Tout va très bien, Madame la Marquise...

El Othmani présente son bilan de mi-mandat

Devant les deux chambres du Parlement, le chef du gouvernement a fait un bilan édulcoré de son cabinet : beaucoup de réalisations, de réformes et de nombreux indicateurs positifs... A croire que M. El Othmani parle du gouvernement d’un autre pays.

“Si le PJD se maintient à la tête du gouvernement, ce seront encore cinq ans de perdus.» Devin, ce vieux routier de la politique nationale qui nous livrait cette analyse à la veille des précédentes législatives d’octobre 2016 ne l’est sans doute pas. Peutêtre simplement lucide. Dans l’un ou l’autre cas, sa sentence s’est avérée, quoi qu’il en soit, lourdement juste. Cinq autres années sur le point d’être gâchées, c’est, à l’évidence, un sentiment partagé par presque tout le monde quant à la mandature actuelle du Parti de la justice et du développement (PJD), au pouvoir depuis le 3 janvier 2012. On l’a vu ces dernières semaines, même parmi ses proches alliés du Parti du progrès et du socialisme (PPS), la lassitude semble de mise; le secrétaire général du PPS, Mohamed Nabil Benabdallah, émettant des doutes publics quant à la survivance du gouvernement de Saâd Eddine El Othmani aux deux années qui, théoriquement, lui restent.

Force de blocage
Justement, le Chef du gouvernement affichait pourtant un air prodigieusement bonhomme au parlement ce lundi 13 mai 2019 pour la présentation de son bilan de mi-mandat devant les représentants de la nation.

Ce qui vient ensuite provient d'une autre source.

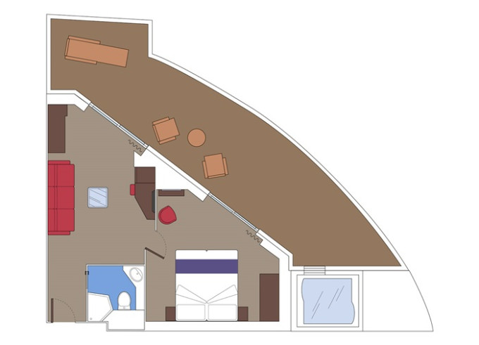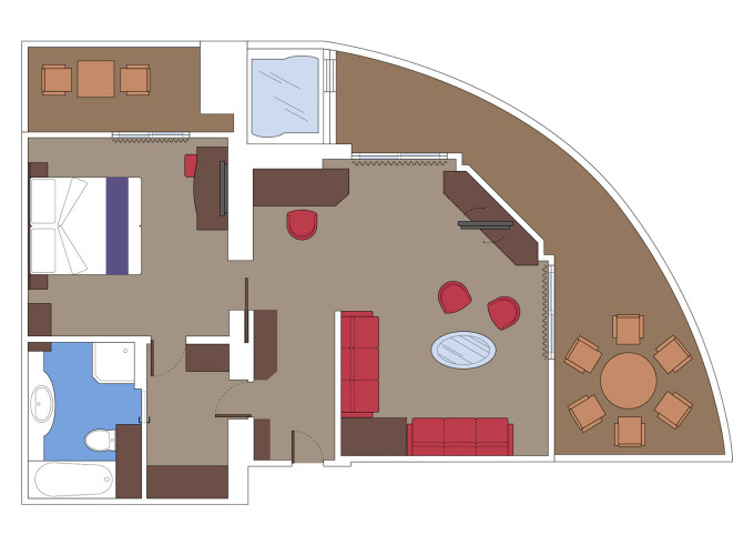 | YC3 - Yacht Club Royal Suite 58 m² + rohový balkon s vířivkou 70 m². Oddělená obývací část a ložnice, šatník, koupelna s vanou a sprchou. 15. paluba. Cenový model MSC Yacht Club. | 516 207 Kč 129 052 Kč za osobu |
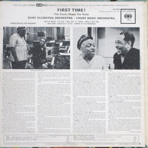 A battle of the bands? Not quite — more like a mutual admiration society, with the orchestras of both jazz titans playing together. (The Duke is heard on the right side of your stereo/headphones, the Count on the left.)

Le discours qu’il a, à cette occasion, donné a été à l’avenant: bilan «bon et honorable», «marqué par beaucoup de réalisations, de réformes et de nombreux indicateurs positifs» «la majorité la plus soudée depuis près de 20 ans»;... n’était-ce la circonstance, on croirait M. El Othmani parler du gouvernement d’un autre pays.

A la décharge de l’intéressé, on pourrait citer quelques éléments positifs, qu’il n’a d’ailleurs pas manqué d’égrener: l’accord signé le 25 avril 2019 avec les syndicats, au bout de presque sept ans de négociations entamées par son prédécesseur, Abdelilah Benkirane; l’amélioration du climat des affaires, avec le passage de la 68ème à la 60ème place du classement «Doing Business» de la Banque mondiale depuis l’entrée en fonction de l’actuel cabinet le 5 avril 2017; ... et c’est à peu près tout.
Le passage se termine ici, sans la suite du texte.